[Opening RECORDS PROVIDED section]
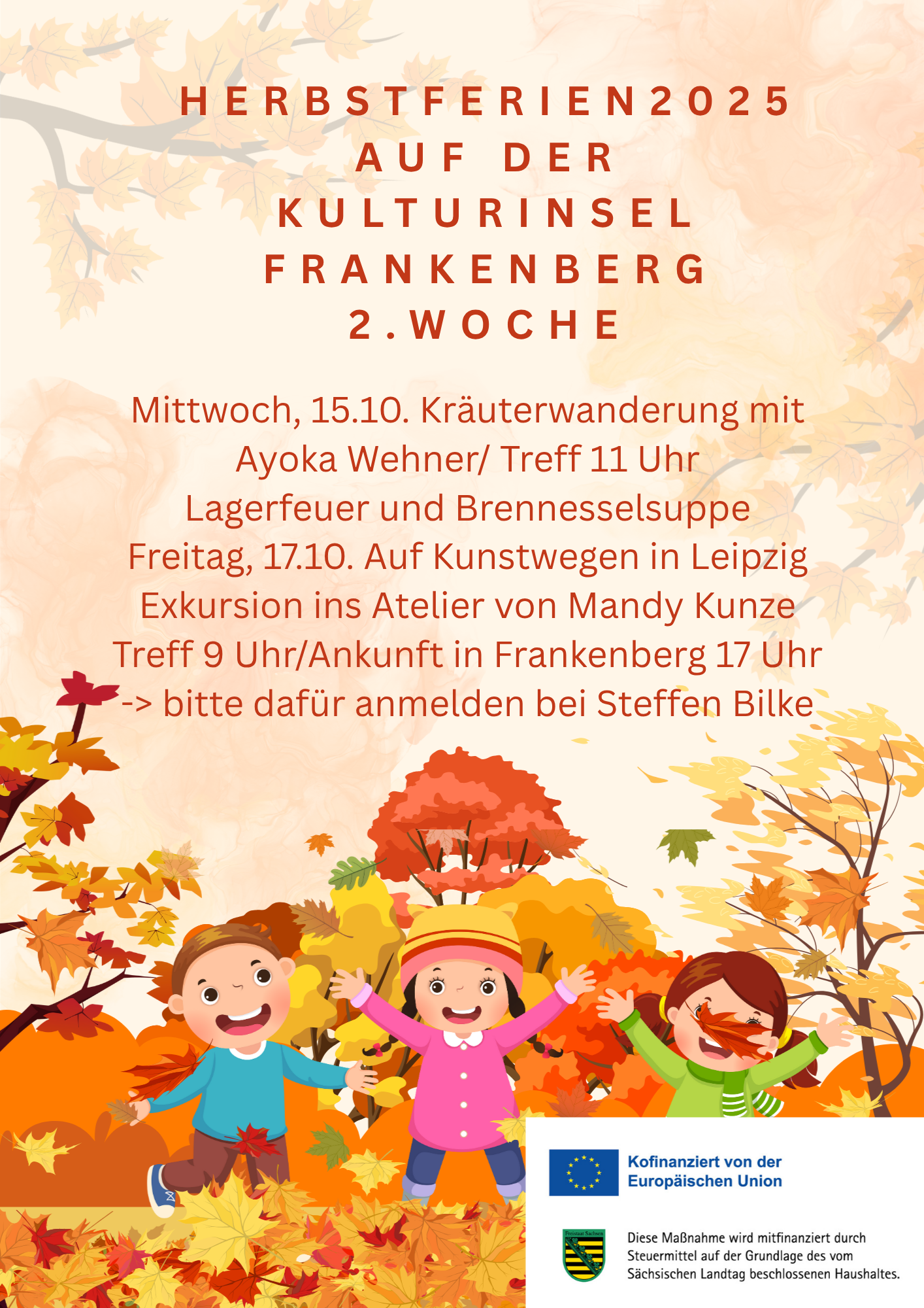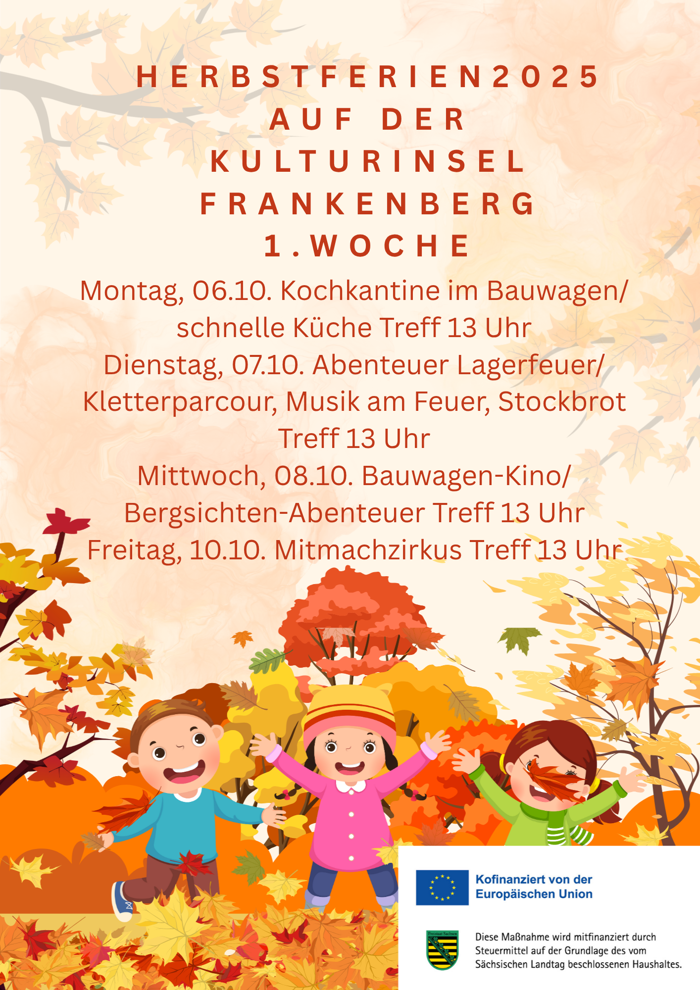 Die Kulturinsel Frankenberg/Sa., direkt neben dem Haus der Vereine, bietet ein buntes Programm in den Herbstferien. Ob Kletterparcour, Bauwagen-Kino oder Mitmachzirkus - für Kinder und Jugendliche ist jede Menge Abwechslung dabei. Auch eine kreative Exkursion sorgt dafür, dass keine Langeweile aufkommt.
[Closing RECORDS PROVIDED section]
[Opening RECORDS PROVIDED section]
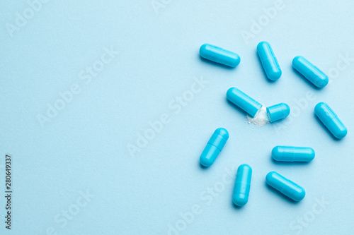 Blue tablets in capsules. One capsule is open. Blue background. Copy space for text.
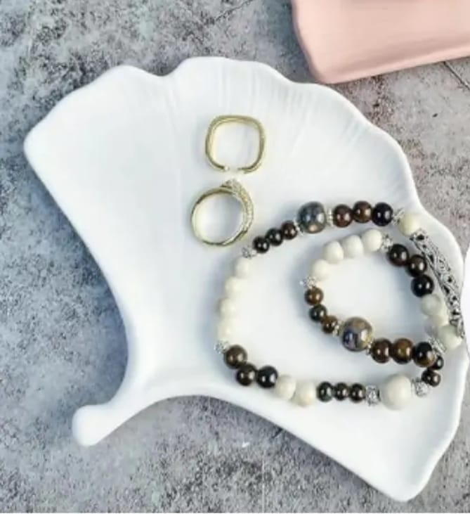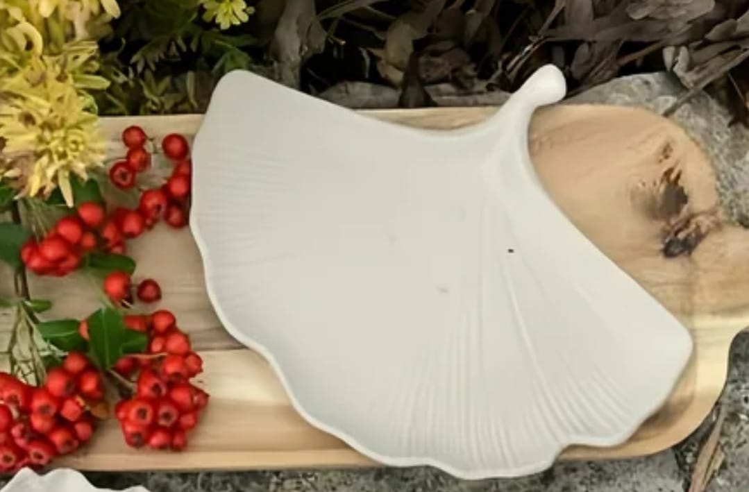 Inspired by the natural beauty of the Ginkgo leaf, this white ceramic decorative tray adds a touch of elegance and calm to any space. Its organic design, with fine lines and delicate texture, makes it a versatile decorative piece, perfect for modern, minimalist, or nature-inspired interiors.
[Closing RECORDS PROVIDED section]
▸ **WHAT NEEDS TO BE DONE**: Leaving out each picture, repeat exactly the lines above from the one that contains "Blue tablets in" through the one that contains "Inspired by the".

▸ **FINISHED TASK**:
 Blue tablets in capsules. One capsule is open. Blue background. Copy space for text.
 Inspired by the natural beauty of the Ginkgo leaf, this white ceramic decorative tray adds a touch of elegance and calm to any space. Its organic design, with fine lines and delicate texture, makes it a versatile decorative piece, perfect for modern, minimalist, or nature-inspired interiors.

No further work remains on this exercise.